──────── SUPPLIED MATERIAL ────────

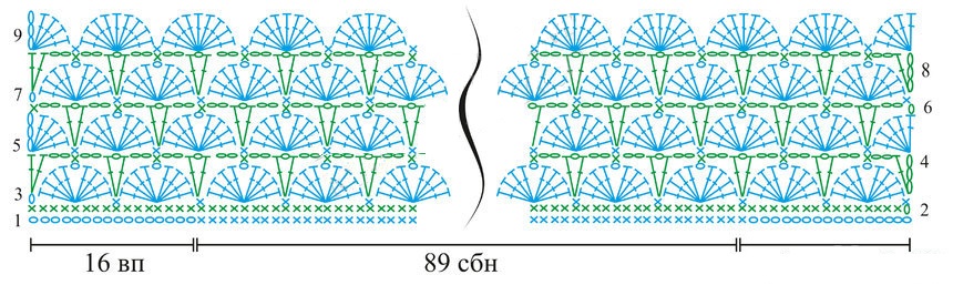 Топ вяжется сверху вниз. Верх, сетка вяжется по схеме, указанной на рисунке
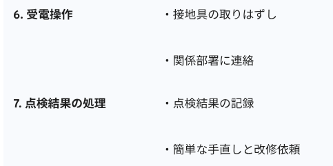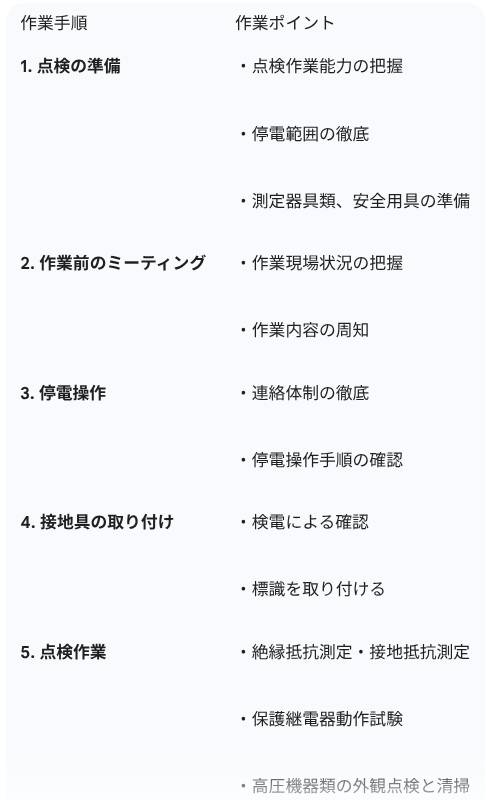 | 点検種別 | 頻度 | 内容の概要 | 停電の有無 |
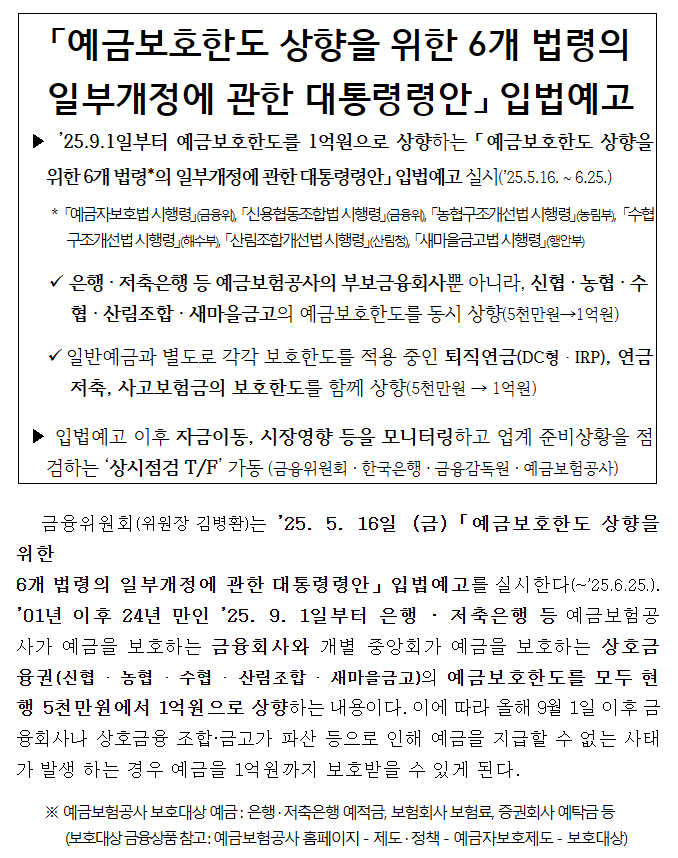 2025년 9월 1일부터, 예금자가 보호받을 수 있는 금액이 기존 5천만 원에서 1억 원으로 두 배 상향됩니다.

────────
──────── SUPPLIED MATERIAL ────────

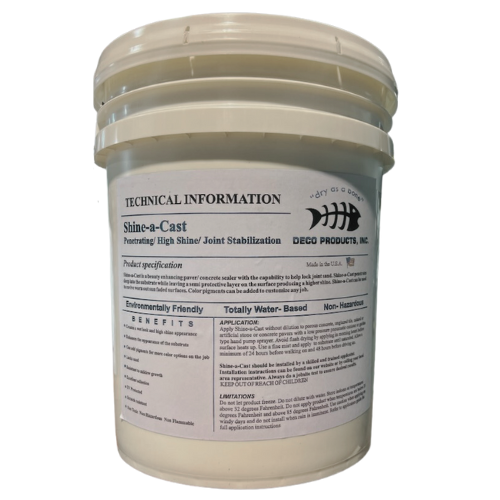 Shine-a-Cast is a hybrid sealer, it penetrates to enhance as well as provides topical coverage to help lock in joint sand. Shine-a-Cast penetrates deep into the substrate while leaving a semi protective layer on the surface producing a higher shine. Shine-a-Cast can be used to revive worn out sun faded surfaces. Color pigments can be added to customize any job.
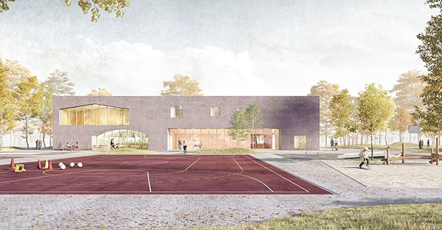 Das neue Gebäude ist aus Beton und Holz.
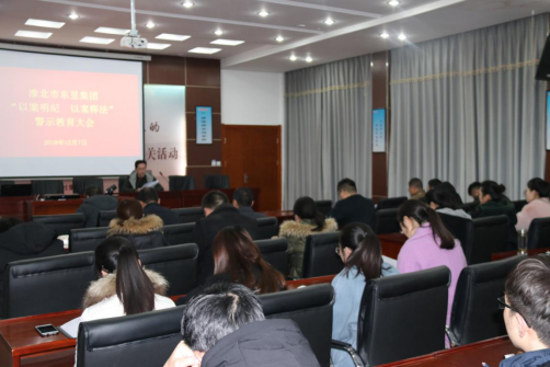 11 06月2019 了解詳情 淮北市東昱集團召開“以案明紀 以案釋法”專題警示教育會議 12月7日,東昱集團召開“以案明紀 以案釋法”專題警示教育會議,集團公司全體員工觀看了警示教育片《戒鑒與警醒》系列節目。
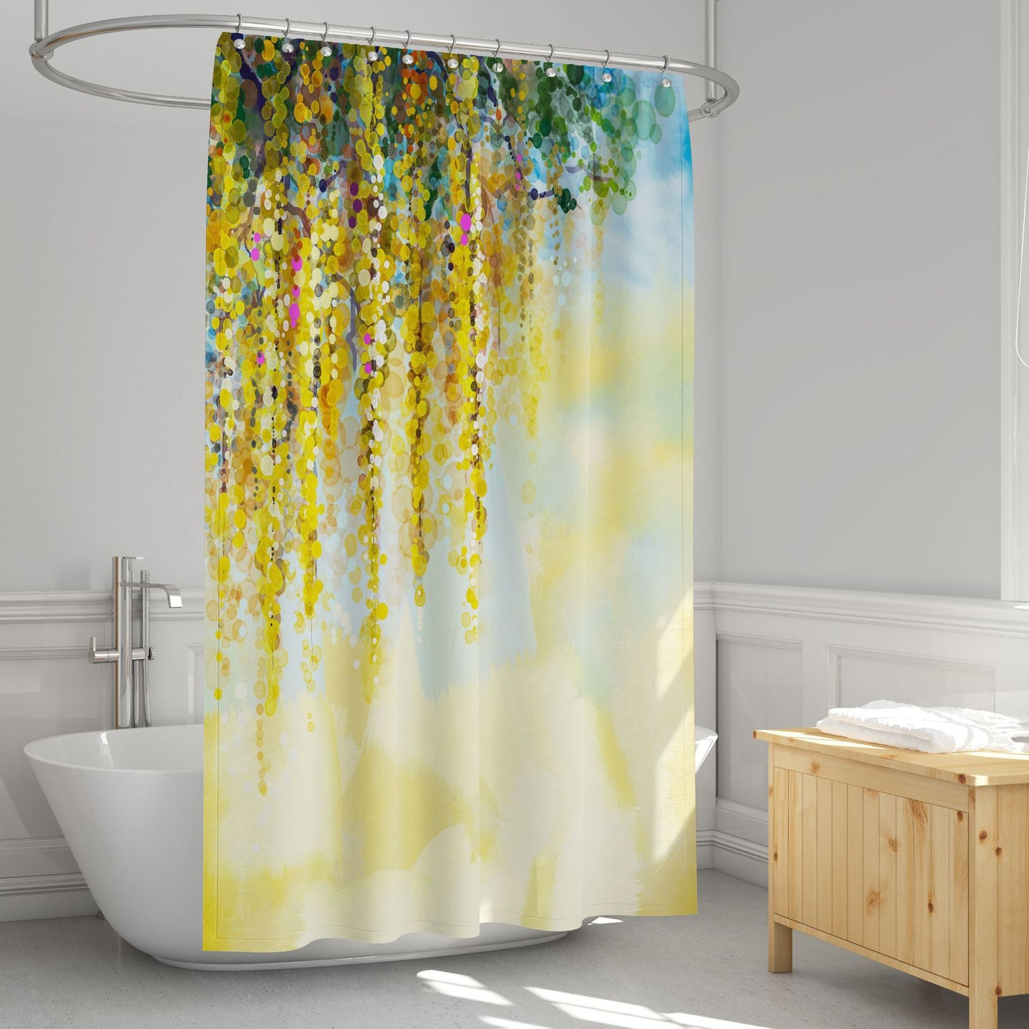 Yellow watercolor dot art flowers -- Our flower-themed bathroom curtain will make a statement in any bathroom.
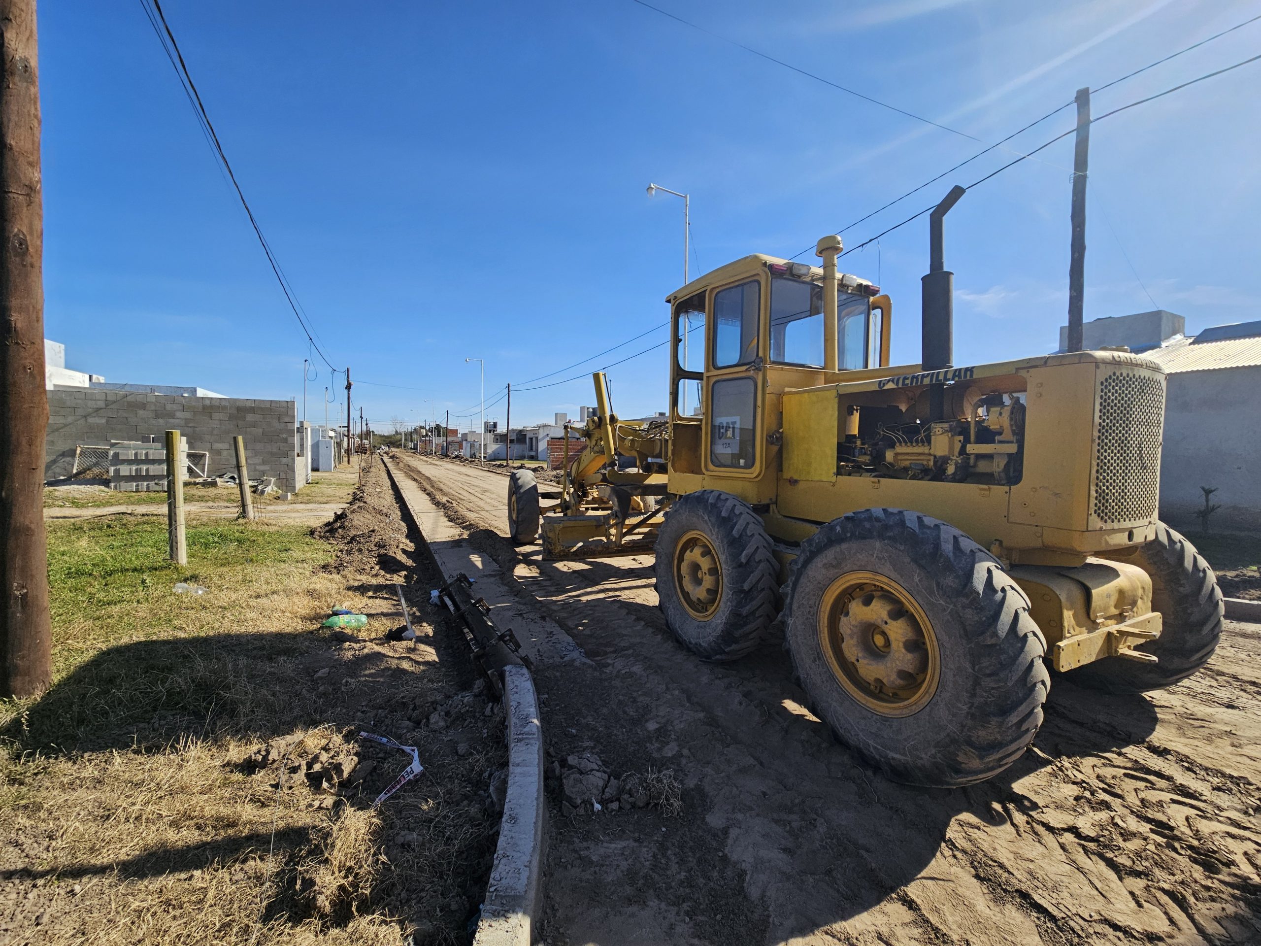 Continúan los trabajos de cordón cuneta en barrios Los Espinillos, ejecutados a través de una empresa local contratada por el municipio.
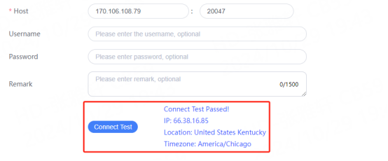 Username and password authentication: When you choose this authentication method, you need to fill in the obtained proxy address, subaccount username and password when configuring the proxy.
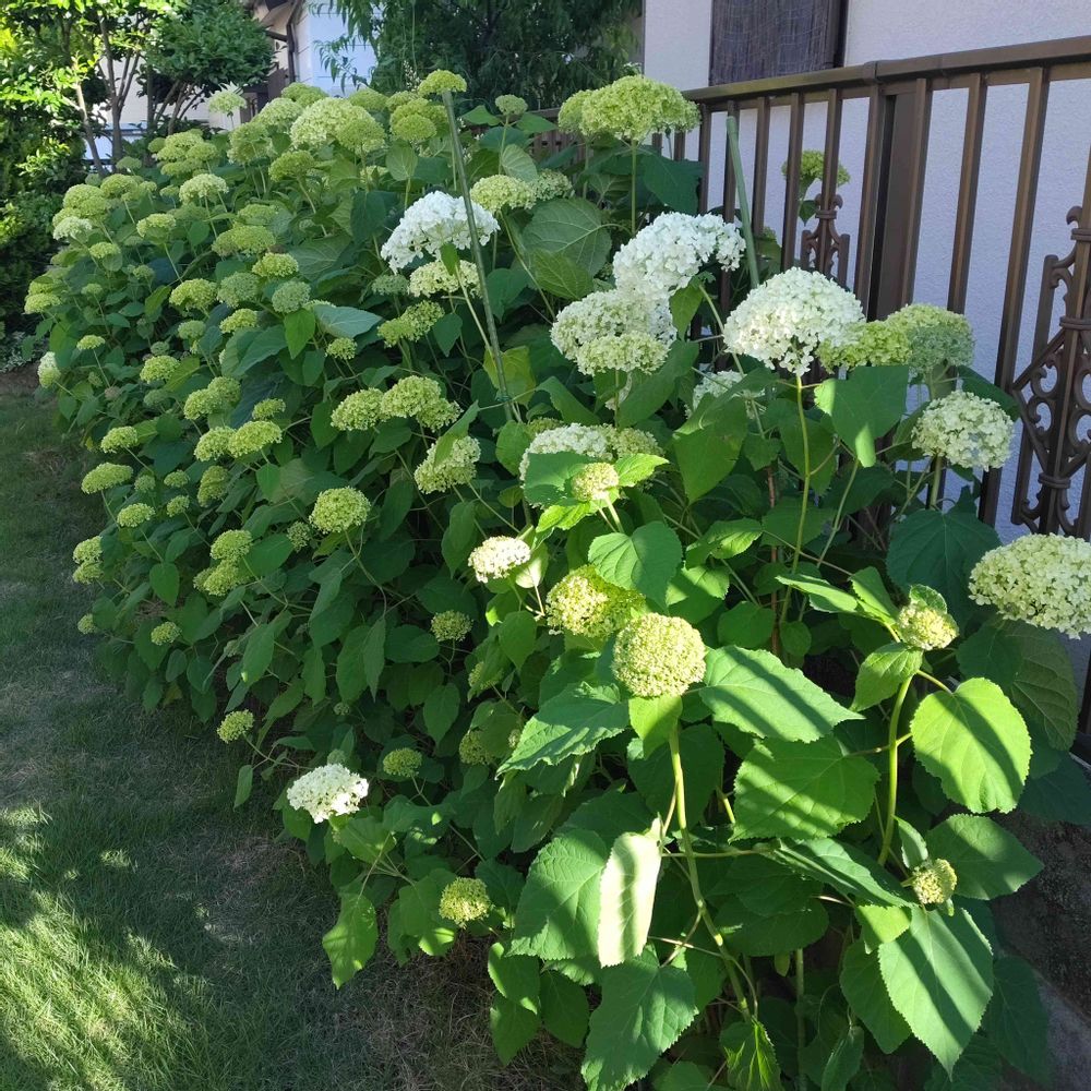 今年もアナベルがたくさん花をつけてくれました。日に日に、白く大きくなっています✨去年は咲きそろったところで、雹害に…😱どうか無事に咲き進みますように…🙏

────────

**HOW TO COMPLETE THIS TASK**
Look above for the line with "Username and password authentication: When" and the line with "今年もアナベルがたくさん花を", then copy exactly the lines from the first through the second, both kept, with no pictures.

**SOLUTION FOR THIS PROBLEM**
 Username and password authentication: When you choose this authentication method, you need to fill in the obtained proxy address, subaccount username and password when configuring the proxy.
 今年もアナベルがたくさん花をつけてくれました。日に日に、白く大きくなっています✨去年は咲きそろったところで、雹害に…😱どうか無事に咲き進みますように…🙏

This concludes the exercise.